Yeah, for a second I thought this video was sponsored by Parallels
You can also use UTM to virtualize Windows, although it is slower with worse graphics support afaik.
UTM is interesting since it can virtualize not just ARM but x86 and PPC (Power PC) Motorola 68K and anything else you can think of. I used UTM to virtualize MacOS 9 and open a Logic Pro project from like 1999 or 2000 from a SCSI drive. A Client lost his master copy of a album he recorded over 20 years ago in Logic and the newer versions of the app wouldn't open it so I tried UTM and it worked really well. I installed Logic Platinum from CDs and Giving the virtual machine 4 cores and 8 gigs of ram was more than any MacOS 9 machine ever had LOL. It actually ran better than any G4 or G5 Mac I ever owned.
@@joesalyers It's a frontend for Qemu, a general purpose emulator that is very common on Linux systems (and runs on Windows, macOS, and Linux.)

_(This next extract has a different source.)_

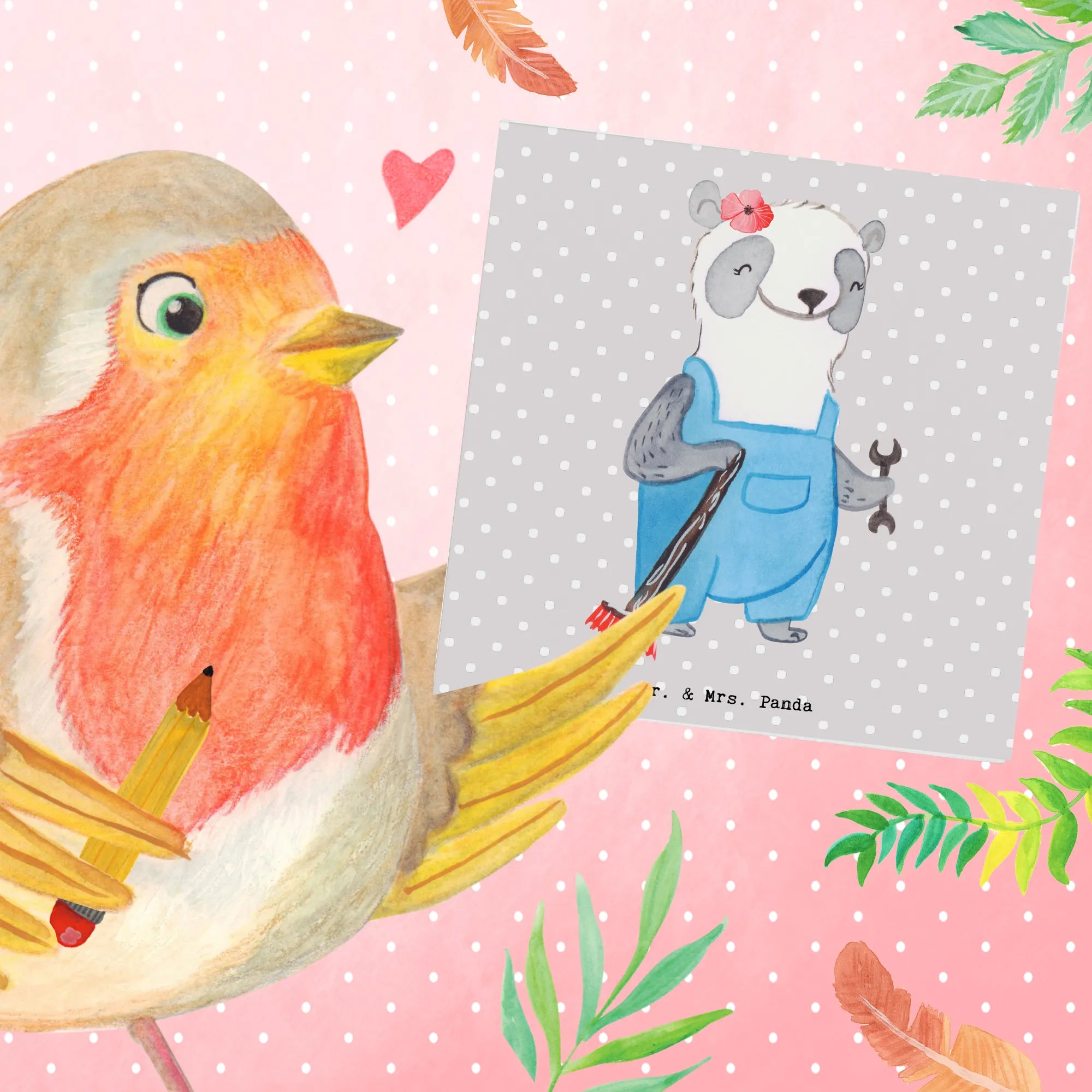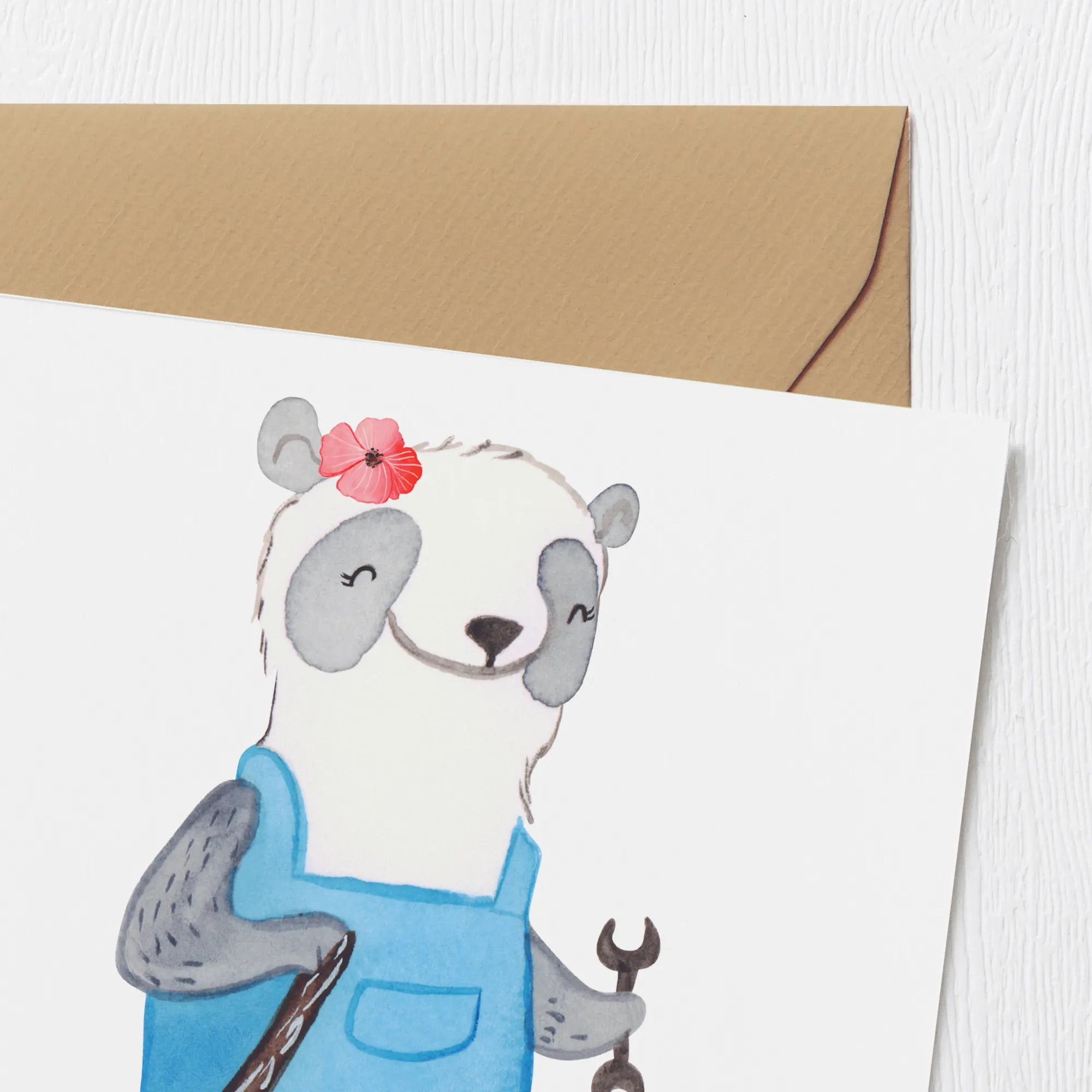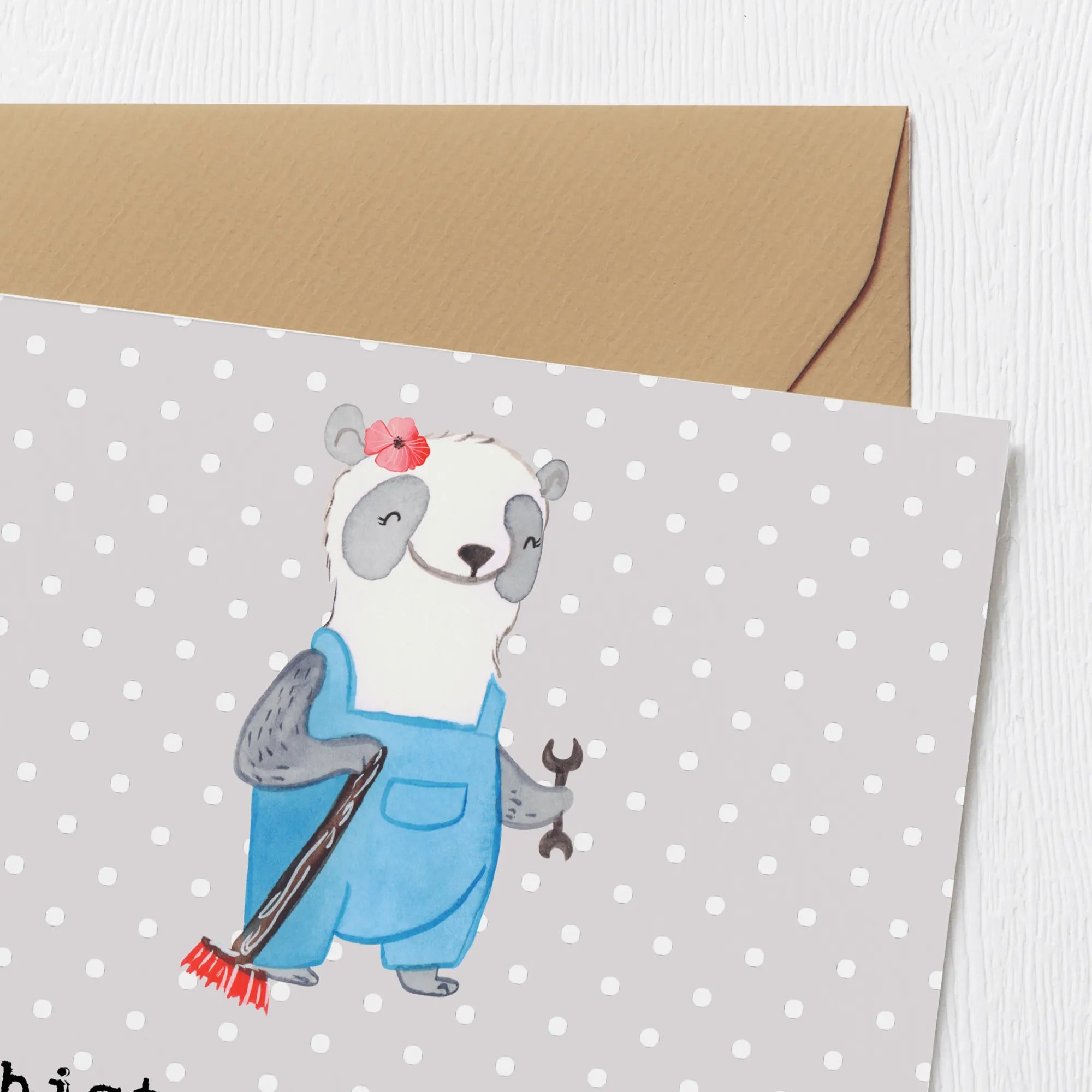 Verwöhne deine Hausmeisterin oder Facility Managerin mit dieser einzigartigen, charmanten Grußkarte, die garantiert ein Lächeln auf die Lippen zaubert. Mache jeden Anlass besonders, denn jeder engagierte Mitarbeiter hat eine besondere Würdigung verdient! Lege mit der Vielfalt an Grüßen und Glückwünschen der Mr. & Mrs. Panda Kollektion eine ganz persönliche Note in dein Geschenk.

@@DistrosProjects Its great, I found it when searching for alternatives to parallels that could run old Power PC operating systems. IT WAS FREE!! On my linux systems I normally use Gnome Boxes since it is so simple but I was on a Mac so I tried UTM and it is great!!
UTM can be configured to "Virtualize" not "Emulate", the latter is slow, as you are recreating x86 via software.
contrary to Parallels it can only use Windows insider builds which will expire at some point
I used to have a few regular customers at an old job selling macs who worked for FEMA. They needed the most reliable hardware possible, but had to run windows. They’d buy 15” MacBook Pros from me, and make the Mac OS X (this was 10+ years ago) partition as small as possible and never look at it again.
why not to buy a thinkpad then?
You should mention that the new vmWare for Mac is free and it does everything that the paid parallels shown in this video does.
Two weeks ago I configured a Windows 11 Home in Parallels on the M2 MacBook Air. It's pretty magical how all those x86 and x64 programs just work. I did not join the Insider program, though (the settings app confirms this). Parallels downloaded and installed it without me having to join anything.
Parallels is a poor substitute for Bootcamp.
I was running windows on Mac from a hard drive boot or virtualization. Then I discovered bootcamp and it is incredible, especially that you can partition your hard drive for Windows and when you dont need it anymore you can merge it back.
That's a thing of the past if you want a new Mac, at least until mid 2023.
The backsplash tile in the background at 0:18 reminds me of the Bootcamp icon. How fitting. 🤣
I'm trying this right now on my Macbook Air M2
I've been doing this since my Late 09 Macbook Unibody.
Both me and my brother recieved a macbook pro as a gift from my aunt (she works in a university and she basically can get them for free, so she changes pc quite often).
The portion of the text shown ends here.